▶ [What to produce]: Begin at the line below that holds "Here are Sue" and end at the line that holds "細やかなタッチで描かれた街並", transcribing each line exactly and skipping any picture.

▶ [Data supplied]:
---*---

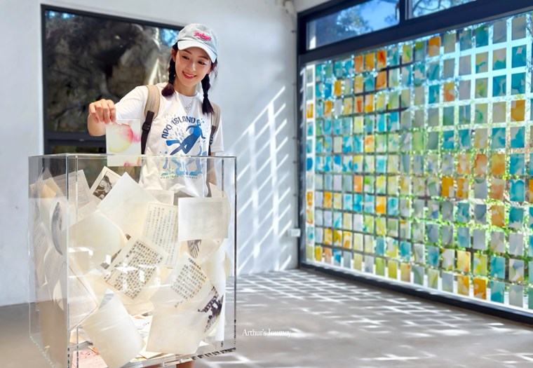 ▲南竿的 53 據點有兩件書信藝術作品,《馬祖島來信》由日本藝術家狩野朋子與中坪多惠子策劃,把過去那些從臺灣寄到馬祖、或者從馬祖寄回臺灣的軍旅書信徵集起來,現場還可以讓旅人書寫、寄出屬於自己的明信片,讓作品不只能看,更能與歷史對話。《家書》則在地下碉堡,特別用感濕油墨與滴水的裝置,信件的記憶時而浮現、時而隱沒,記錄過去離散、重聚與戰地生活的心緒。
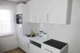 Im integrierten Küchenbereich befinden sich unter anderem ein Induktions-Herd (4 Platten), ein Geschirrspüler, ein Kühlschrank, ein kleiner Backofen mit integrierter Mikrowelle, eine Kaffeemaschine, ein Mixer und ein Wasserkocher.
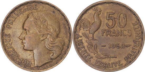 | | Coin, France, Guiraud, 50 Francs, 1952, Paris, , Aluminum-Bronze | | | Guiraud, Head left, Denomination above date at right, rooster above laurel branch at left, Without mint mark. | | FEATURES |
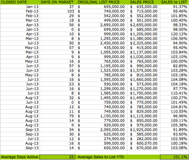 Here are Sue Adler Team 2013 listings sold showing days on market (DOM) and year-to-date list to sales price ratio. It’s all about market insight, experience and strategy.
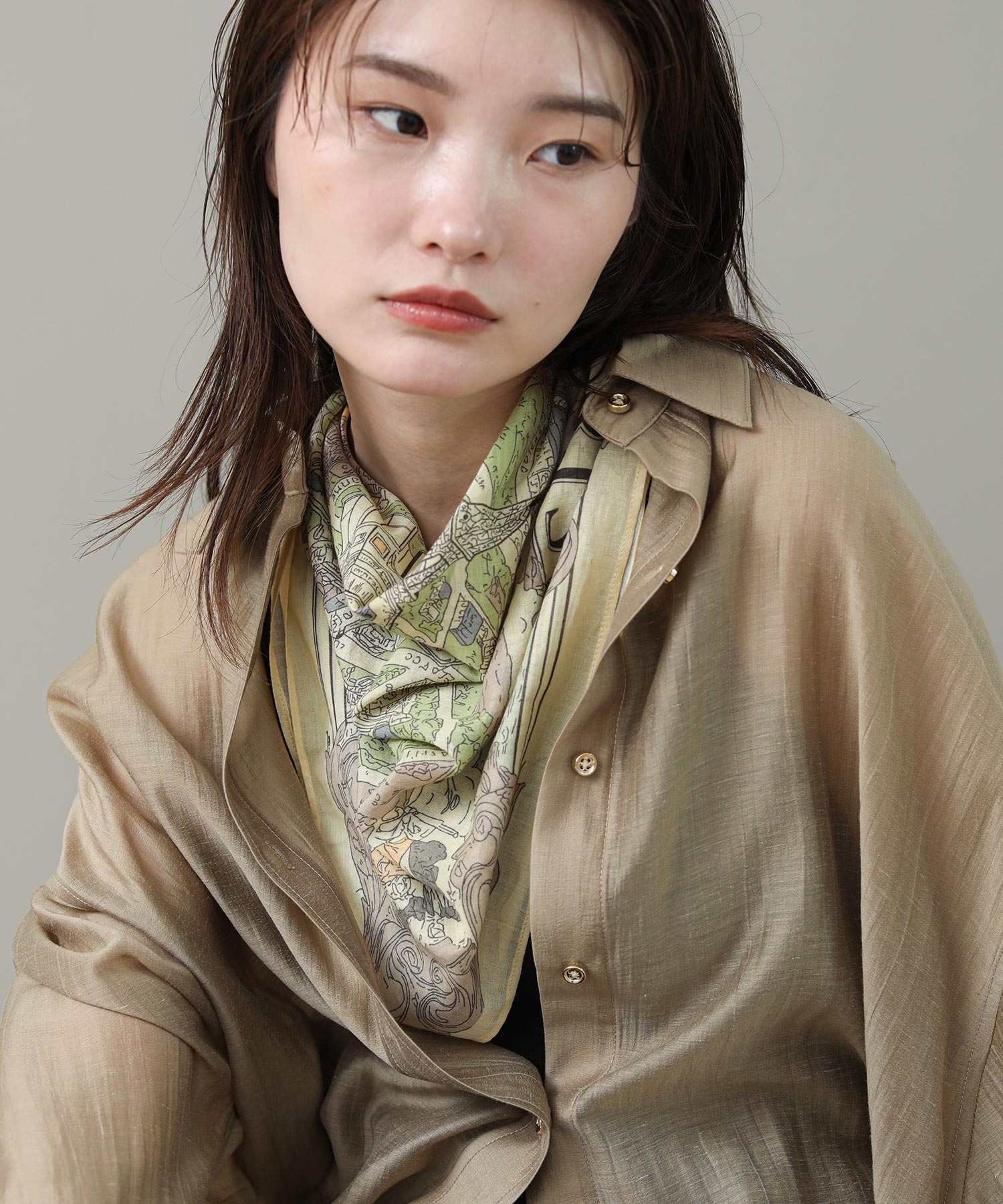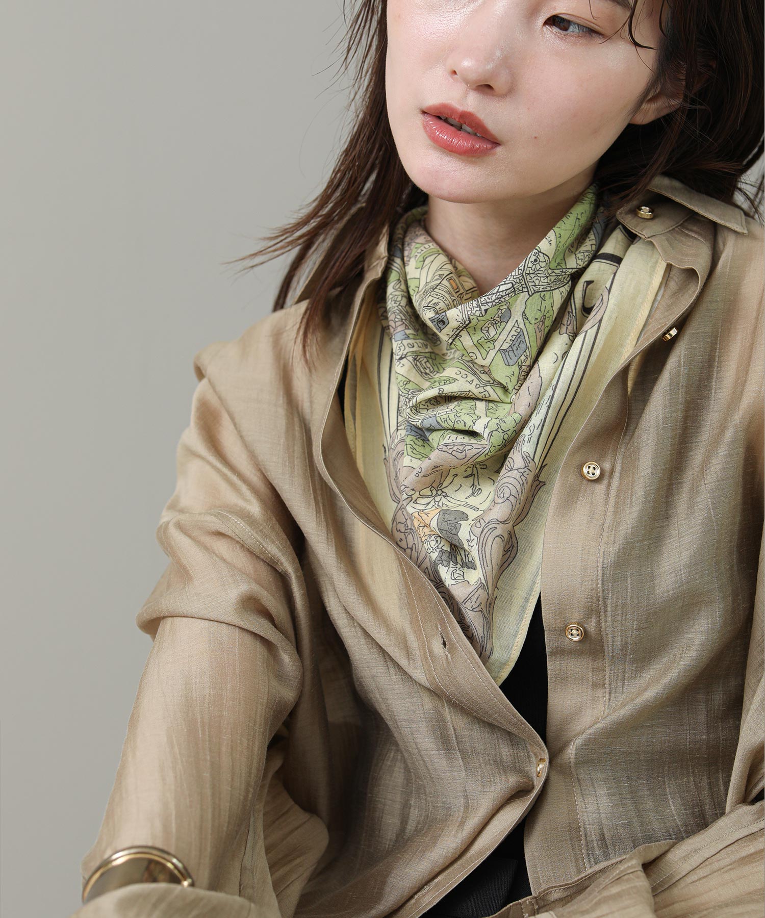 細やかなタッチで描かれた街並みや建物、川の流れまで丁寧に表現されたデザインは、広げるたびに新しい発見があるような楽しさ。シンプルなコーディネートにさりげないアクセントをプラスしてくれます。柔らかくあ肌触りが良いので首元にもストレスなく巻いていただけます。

---*---

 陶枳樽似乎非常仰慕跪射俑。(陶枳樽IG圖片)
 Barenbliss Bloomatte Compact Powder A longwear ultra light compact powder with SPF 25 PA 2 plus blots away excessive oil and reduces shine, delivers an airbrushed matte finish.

---*---

▶ [Exercise solution]:
 Here are Sue Adler Team 2013 listings sold showing days on market (DOM) and year-to-date list to sales price ratio. It’s all about market insight, experience and strategy.
 細やかなタッチで描かれた街並みや建物、川の流れまで丁寧に表現されたデザインは、広げるたびに新しい発見があるような楽しさ。シンプルなコーディネートにさりげないアクセントをプラスしてくれます。柔らかくあ肌触りが良いので首元にもストレスなく巻いていただけます。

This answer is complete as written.